But what’s really going to help you close a sale and improve your products or service is actually what prospects have to say about them.

For instance, take feedback to heart—it’s what we do all the time with our clients.

In fact, user feedback grew our sales by 71% in the past.

So then and only then, when you take the time to truly understand your prospects’ needs and listen to their feedback, you’ll be able to put yourself in their shoes.

And by putting yourself in their shoes you’ll be able to add more value to your prospects’ lives and perfect whatever it is you’re selling.

You’re following me, right?

Awesome, let’s continue…

Tactic #5 for Sales Rapport Building: Be Respectful & Make Prospects Feel Comfortable

Did you know that according to HubSpot, more than 40% of salespeople say that prospecting is the most difficult part of the sales process?

I can see why…

But certainly, to build rapport, you need to put your prospects first.

Your sales call is about them, not about you.

It’s about what they need and want.

For instance, make them feel comfortable during the whole sales process.

Especially when they’re on the phone learning more about your products or service.

Because once they get on a call with you, they’re basically on board with the idea of potentially buying your products or service.

So be super receptive and make them feel good from the very beginning of the sales process.

In fact, the best salespeople build rapport early on in their sales calls according to Gong.

Source

And sales reps who can switch between introverted and extroverted modes outperform both introverts and extroverts by 24% to 32% according to Forbes.

So for this, be nice.

Try to look for things you have in common with them and try to play to that.

And since you’ve already established good rapport since the beginning of the call, they’ll likely respond favorably to your sales pitch.

Although this sales rapport building tactic may seem obvious, it’s often missed.

Most people don’t realize that by simply being late to the call or not having all the paperwork ready—you’re showing disrespect.

In fact, 73% of consumers say that valuing their time is the most important thing a company can do when providing customer service according to Groove.

For instance, respect prospects’ time, keep the tone professional, and if they end up not buying, don’t be upset at them.

And by the way, pay attention to their body language, sense their tone, and listen carefully to their words.

All these could be important indicators of how much the client is ready to share or if they’re trying to express any discomfort.

Tactic #6 for Sales Rapport Building: Be Responsive & Provide Immediate Answers

Who doesn’t like immediate attention or responsiveness from anyone?

90% of customers say that immediate responses (10 minutes or less) when they have a question is very important according to HubSpot.

Your prospects feel the same way.

Their time is as precious as yours.

73% of consumers say that valuing their time is the most important thing a company can do when providing customer service according to Groove.

For instance, don’t keep them waiting for an answer.

In fact, according to HubSpot, 33% of customers get frustrated by having to wait on hold.
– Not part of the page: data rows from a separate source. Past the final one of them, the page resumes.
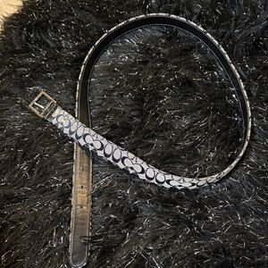 Elegant Coach belt with signature pattern. Features a sleek silver buckle.
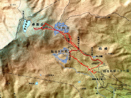 午前4時頃に栂池を出発した人達は、どこへ行ってしまったのだろうか? トレースも消えて、頂上に近づくにつれて硬い雪となり、とっても滑りにくそうだ。アイスバーンとなった場所で滑落しないよう大きく迂回しながら三角点のある場所へ到着した。
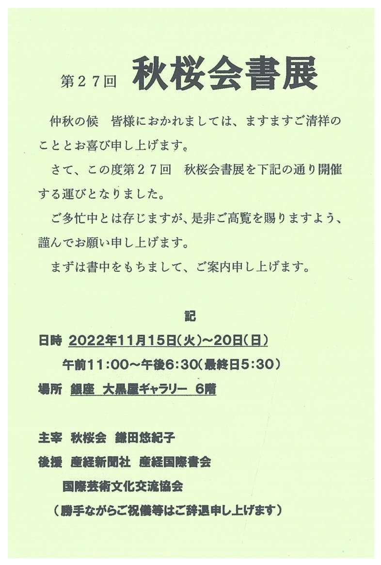 | 展覧会名 会期 会場 団体・代表名 | 第27回秋桜会書展 11月15日(火)~11月20日(日) 銀座・大黒屋ギャラリー 秋桜会・鎌田悠紀子 |

And 33% get upset by having to repeat themselves to multiple support reps.

If they ask you for more information or have a specific question, make sure to address them as soon as you can.
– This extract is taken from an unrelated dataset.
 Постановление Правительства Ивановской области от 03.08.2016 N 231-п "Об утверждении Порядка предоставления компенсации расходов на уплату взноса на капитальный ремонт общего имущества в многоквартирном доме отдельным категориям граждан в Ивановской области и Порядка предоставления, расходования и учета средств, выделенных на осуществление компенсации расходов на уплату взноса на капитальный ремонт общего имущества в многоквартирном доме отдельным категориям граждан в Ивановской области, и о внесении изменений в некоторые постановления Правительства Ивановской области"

And if you don’t have the answer right off the bat, let them know you’ll be looking for the solution so their expectations are in the right place.

Tactic #7 for Sales Rapport Building: Know How to Handle All Sales Objections

If you don’t know how to overcome objections in sales, your prospects won’t realize that what you’re selling is exactly what they’ve been looking for.

The long awaited solution to all of their problems!

So when you get on a call with potential clients or customers, be prepared and know how to handle sales objections.

Only then, you’ll be able to build rapport with prospects and nurture the relationship.

Because knowing exactly what to say to things like:

  • “Your product/service is too expensive”
  • “Now is not the right time for me to buy”
  • “I need to check with other stakeholders”
  • “I don’t think this will work for us”
  • “We are going to go with x competitor instead”

…Will let you start closing more high-ticket sales.

Not having all the answers right off the bat may make you feel like that sale is going to slip away forever.

Tactic #8 for Sales Rapport Building: Put Your Script Down for a Second & Empathize With Prospects (This Shows Kindness…)

According to Salesforce, 80% of customers say the experience a company provides is as important as its products and services.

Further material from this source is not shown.